An objection I sometimes hear when I talk about increasing human lifespan is "What makes you think you deserve to live longer?" And that argument floors me every time I hear it.

It is interesting to me how common the notion that longer life is something that must be "earned" is. It's an idea with deep roots in Christianity, of course; the promise of heaven for the righteous and hell for the wicked directly couples a person's good behavior to the offer of eternal life. And there's no doubt that Christian Protestant traditions have planted very deep roots indeed into the soil of American society. Libertarianism, for example, could be argued to be the little more than the Puritan work ethic dressed in modern language.

But curiously, this argument seems to be very limited in its scope. We rarely hear that people need to earn the right to live for 70 years, in spite of the fact that this is a good 30 years longer than the average life expectancy at the turn of the 20th century; apparently, sufficiently small and incremental extensions to lifespan escape the "you have to justify your life in order to earn this privilege" clause.

And effectively, that's what the argument is: a presumption that an effectively unbounded lifespan is a privilege, not a right, and therefore something to be revoked upon insufficient demonstration of worth.

Taken to its (il)logical conclusion, one might postulate that if we start from the premise that long life is something that only the sufficiently righteous have earned, we might propose a system whereby people at the age of 20 or so--the nominal lifespan of early humans in nomadic hunter/gatherer societies--are tested on their worth, with those being deemed insufficiently worthy being taken out behind the chemical shed and shot. They might, I don't know, even be seen as a resource, with their remains being liquefied and fed to the living or something.

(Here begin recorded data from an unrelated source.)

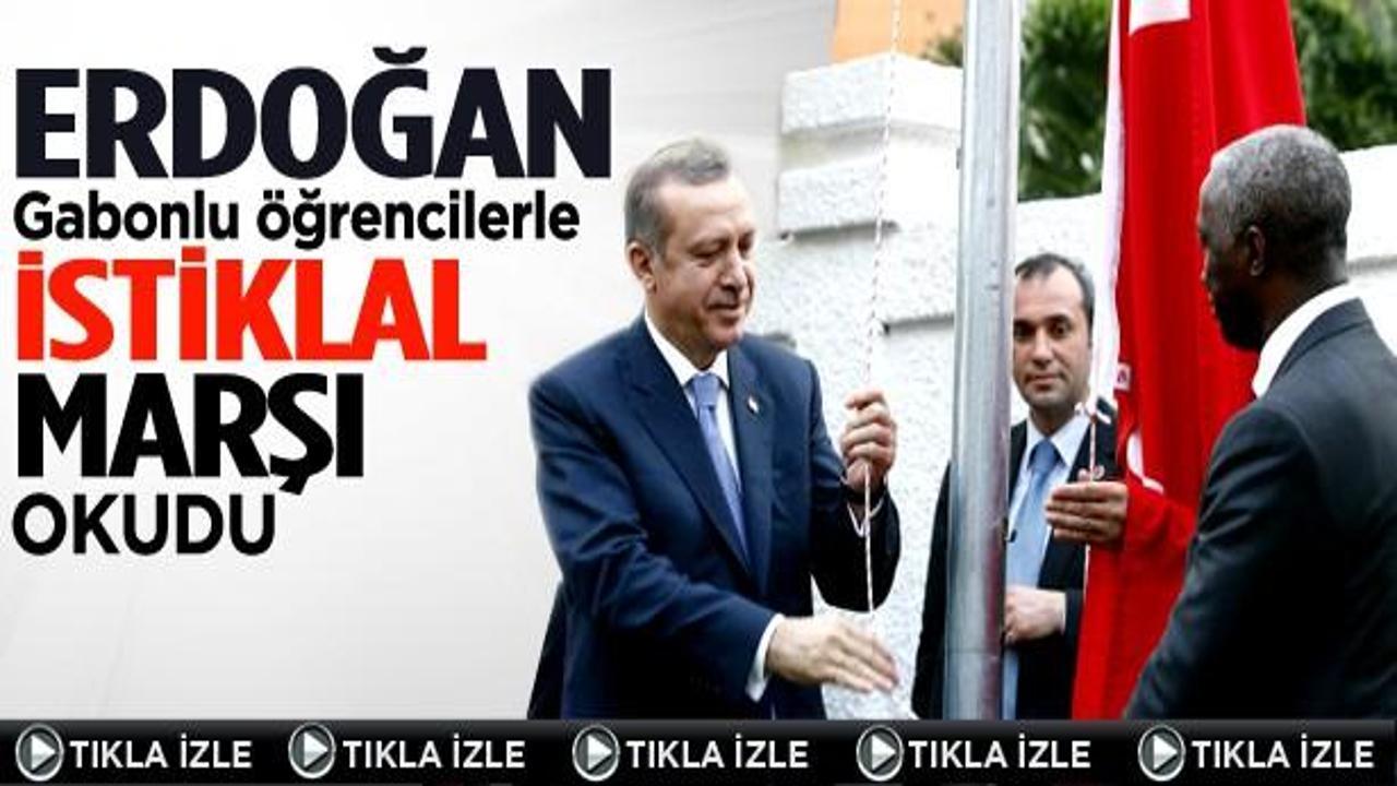 Türkiye'nin Lıbrevılle Büyükelçiliği Kançılarya binasının bayrak çekme törenine katılan Başbakan Erdoğan, burada Gabon'lu öğrencilerle İstiklal Marşını okudu. İşte o görüntüler...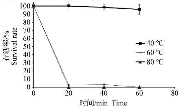 在40℃条件下,噬菌体SJTJYCA01的存活率不随时间的增加而减少;在60℃条件下,噬菌体SJTJYCA01的存活率大幅下降,作用20 min后存活率仅为原噬菌体的3%;在80℃条件下,各个时间段均未见有噬菌体存活。见图3。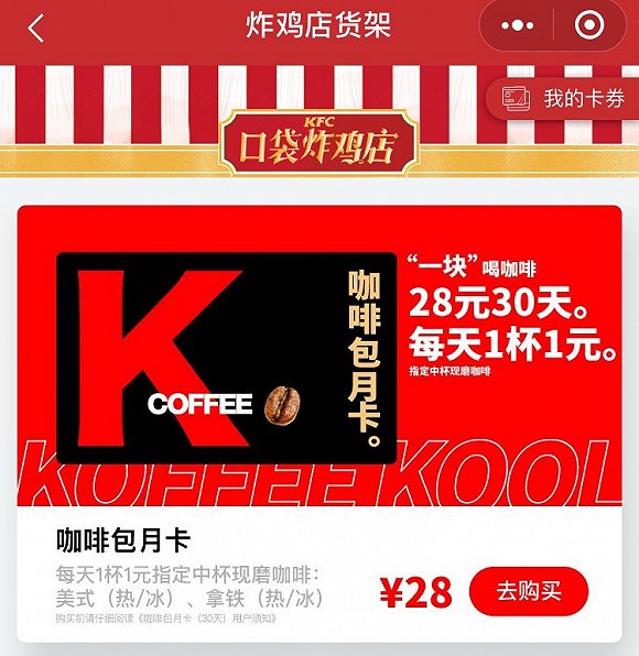 该月卡售价28元,消费者只能通过“肯德基口袋炸鸡店”小程序购买。购买激活后的连续30天内,每天会得到1杯中杯现磨咖啡,包括拿铁咖啡和美式咖啡两种。

Yet I've never heard anyone, even those who say "What makes you think you deserve to live forever?", propose such a thing. It seems that long life must be earned, but only up to a point; before that point, it's a right, not a privilege.

And that's where the whole philosophy falls apart.


It seems to me that many religions, particularly Christian religions, hold on the one hand that eternal life is something that must be earned, but cling on the other to the idea that life itself is sacred and that all living people (with some limitations and exclusions that vary from denomination to denomination, and may include gays, lesbians, heretics, atheists, convicted criminals, and/or brown people) have an intrinsic right to life.

This right to life is promoted most directly and actively when it comes to children and infants, with some folks believing so strongly in this essential right that they feel called upon to defend it by planting pipe bombs and shooting doctors.

And all of this strikes me as being a bit contradictory.

You see, from my perspective it looks a bit odd to say that life is something sacred, which is the most basic and most sacrosanct of all human rights--but only in limited quantities, to be determined by the average longevity of the folks around you plus perhaps a decade or two; anything more than that is a privilege to be earned. So presumably a Medieval artisan who declared his desire to live to be a hundred years old might be met with "What makes you think you deserve to live that long?" whereas a modern American might only be asked the same question if his desire were to be to reach, say, two or three hundred.

But what really gets me is the number of folks of no particular religious leanings, and occasionally even folks who identify as entirely atheistic, have bought into this notion. Life is precious, sure, but only if as it doesn't last past a certain sell-by date, which is never clearly enumerated but definitely seems to be greater than 100 years or so. A person wanting to live for a hundred and sixty years might get a few raised eyebrows; a person wanting to live for a thousand will almost certainly be asked "how have you earned it?"

It seems to me that if life has intrinsic value, then the pursuit of that which frees us from the ravages of old age, the indignity of encroaching enfeeblement, and the ultimate insult of death must necessarily be a virtue; whereas if life is something which must be earned in order to be justified, then it seems entirely consistent and logical to make it an ongoing thing, perhaps with regular tests, and give an exemption only to those too young to have yet begun to work toward earning it.

But what you can't do is have it both ways.

If you believe as I do that every death is a travesty, the permanent loss of a unique perspective on the universe, then even asking a question like "What have you done to earn it?" becomes an appalling insult. But then, I would say that I fall firmly in the "life is sacred" camp, perhaps even more than the folks who proclaim this principle on the part of some god or gods. And unlike those folks, I don't attach an expiration date to the preciousness of life.